Élaine l’observa qui introduisait son grand corps dans la voiture et partait à une vitesse imprudente entre les flocons qui continuaient à tomber.

De sa chaise, où il ressemblait à un bouddha tassé dans un fauteuil de compagnie aérienne, Sébastian Vogel lui dit : « Je crois que j’ai fini par comprendre. »

Élaine s’assit avec lassitude à côté de lui. « Par pitié, assez de conneries métaphysiques. » Elle avait à faire. Il fallait qu’elle remballe son serveur et ses notes manuscrites pour les garder sur elle, même si un bureaucrate armé voulait les lui confisquer. Qu’elle se prépare à retrouver le monde extérieur, quoi qu’il soit devenu, avec ses pèlerins, ses avions qui s’écrasaient, ses barrages routiers à l’est du Mississippi.

« Depuis Crossbank, dit Sébastian, je me demande pourquoi vous avez accepté cette mission. Une journaliste scientifique expérimentée, engagée par un magazine new-yorkais clairement de deuxième zone pour traiter un sujet déjà rabâché à mort, en partageant de surcroît les feux de la rampe avec un théologien excentrique et un colporteur de ragots discrédité. Dès le début, j’ai trouvé que ça ne tenait pas debout. Mais je crois comprendre, maintenant. Tout ça, c’est à cause de Chris, pas vrai ?

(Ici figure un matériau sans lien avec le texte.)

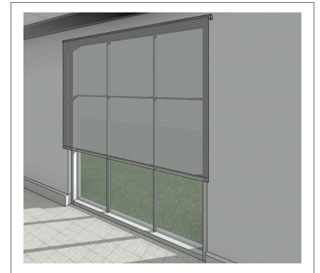
Objeto BIM Multinivel

— Oh, allez vous faire foutre, Sébastian.

— Vous avez lu son livre, vous avez suivi son histoire dans la presse, vous avez assisté à son témoignage devant le Congrès. On vous a peut-être même tuyautée sur les problèmes éthiques de Calliano. Vous avez vu Chris se faire clouer au pilori, et vous saviez qu’il avait raison malgré tout le scandale et la mauvaise presse. Vous vous êtes intéressée à lui. Il vous rappelait peut-être ce que vous étiez à son âge. Vous avez accepté ce boulot pour pouvoir le rencontrer. »

C’était d’autant plus agaçant que Sébastian ne se trompait pas. Élaine fit appel à son plus féroce regard allez-vous-faire-voir.

« Vous a-t-il déçu ? demanda Sébastian. En tant que projet personnel ? »

Je n’ai pas le temps pour cela, se dit Élaine. Le manque de sommeil lui tournait la tête. Peut-être pouvait-elle rester assise là jusqu’à ce que les soldats viennent la chercher. Après tout, elle avait stocké tout son travail important dans son serveur de poche, et il faudrait qu’ils l’arrachent à son cadavre pour le lui prendre. « Quand j’ai rencontré Chris, je me suis dit qu’ils l’avaient brisé. Il était malheureux, cela crevait les yeux : il n’écrivait pas, sa consommation de drogues douces manquait un peu de modération et il se traînait une culpabilité bien trop lourde pour lui.

— Je ne suis pas sûr que son expérience avec Galliano en soit la seule cause.

— Sans doute pas. Je me suis juste dit…

— Vous avez voulu lui donner un coup de main, dit doucement Sébastian.

— Oui. Je suis une foutue sainte. Maintenant, fermez-la.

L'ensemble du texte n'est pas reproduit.